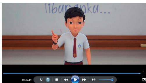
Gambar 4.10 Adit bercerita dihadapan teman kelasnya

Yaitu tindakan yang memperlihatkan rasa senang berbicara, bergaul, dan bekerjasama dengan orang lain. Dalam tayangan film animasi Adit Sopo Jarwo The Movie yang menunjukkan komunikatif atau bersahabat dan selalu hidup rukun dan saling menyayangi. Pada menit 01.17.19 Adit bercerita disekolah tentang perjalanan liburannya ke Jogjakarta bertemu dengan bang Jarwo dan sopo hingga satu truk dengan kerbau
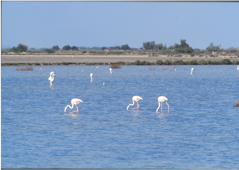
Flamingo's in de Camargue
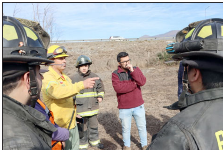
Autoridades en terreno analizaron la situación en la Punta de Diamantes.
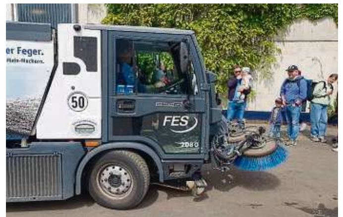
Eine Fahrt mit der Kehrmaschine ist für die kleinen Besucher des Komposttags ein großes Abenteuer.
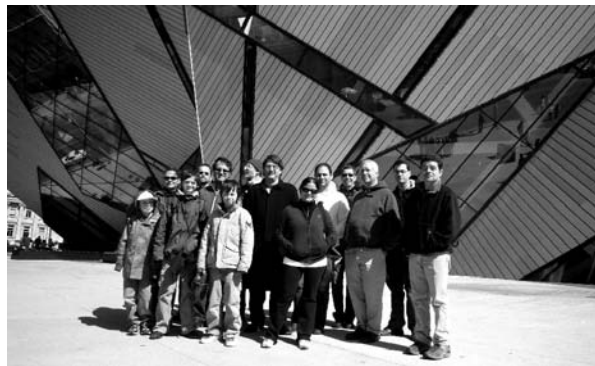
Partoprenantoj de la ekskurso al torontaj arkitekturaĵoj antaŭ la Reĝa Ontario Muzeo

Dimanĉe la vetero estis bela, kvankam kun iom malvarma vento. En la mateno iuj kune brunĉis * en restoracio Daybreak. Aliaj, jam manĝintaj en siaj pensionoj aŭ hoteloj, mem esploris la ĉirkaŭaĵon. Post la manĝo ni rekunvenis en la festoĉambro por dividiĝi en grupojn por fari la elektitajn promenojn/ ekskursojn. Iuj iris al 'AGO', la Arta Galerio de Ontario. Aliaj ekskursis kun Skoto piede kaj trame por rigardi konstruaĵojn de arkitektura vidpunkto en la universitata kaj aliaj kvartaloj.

□ □ □ □ □

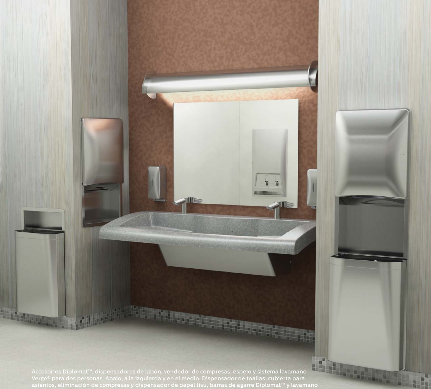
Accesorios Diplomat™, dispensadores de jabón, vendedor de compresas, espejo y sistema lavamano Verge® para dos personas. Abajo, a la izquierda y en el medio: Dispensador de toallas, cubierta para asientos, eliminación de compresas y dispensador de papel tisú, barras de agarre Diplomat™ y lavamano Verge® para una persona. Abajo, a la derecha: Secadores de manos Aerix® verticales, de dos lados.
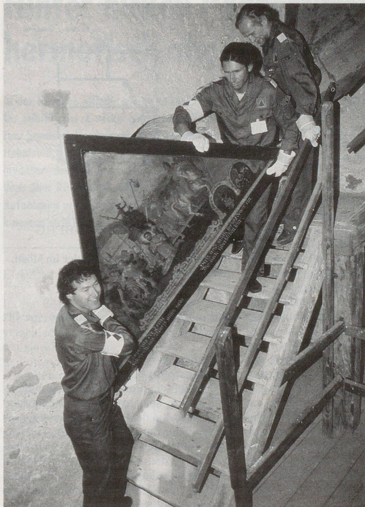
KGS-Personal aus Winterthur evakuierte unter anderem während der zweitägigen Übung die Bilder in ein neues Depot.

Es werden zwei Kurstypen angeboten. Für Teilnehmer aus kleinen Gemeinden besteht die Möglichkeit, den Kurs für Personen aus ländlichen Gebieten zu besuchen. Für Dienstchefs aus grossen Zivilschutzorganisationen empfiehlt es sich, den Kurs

□ □ □ □ □

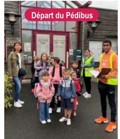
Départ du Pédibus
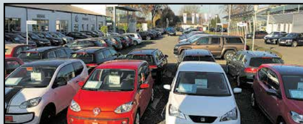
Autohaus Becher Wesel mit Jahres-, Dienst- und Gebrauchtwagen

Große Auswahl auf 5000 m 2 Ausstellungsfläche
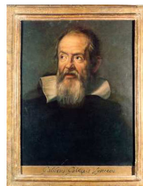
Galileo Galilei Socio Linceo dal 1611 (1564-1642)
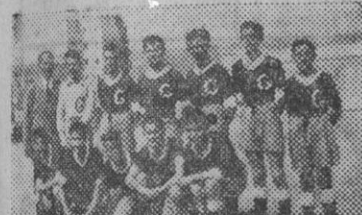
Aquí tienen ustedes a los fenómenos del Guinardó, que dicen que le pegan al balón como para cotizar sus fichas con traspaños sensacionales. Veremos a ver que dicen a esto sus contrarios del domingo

□ □ □ □ □

> _Brief_:
In the entries above, find the line containing "Départ du Pédibus" and the line containing "Aquí tienen ustedes", then copy both and every line between them exactly, without any picture.

> _Reply to the exercise_:
Départ du Pédibus
Autohaus Becher Wesel mit Jahres-, Dienst- und Gebrauchtwagen

Große Auswahl auf 5000 m 2 Ausstellungsfläche
Galileo Galilei Socio Linceo dal 1611 (1564-1642)
Aquí tienen ustedes a los fenómenos del Guinardó, que dicen que le pegan al balón como para cotizar sus fichas con traspaños sensacionales. Veremos a ver que dicen a esto sus contrarios del domingo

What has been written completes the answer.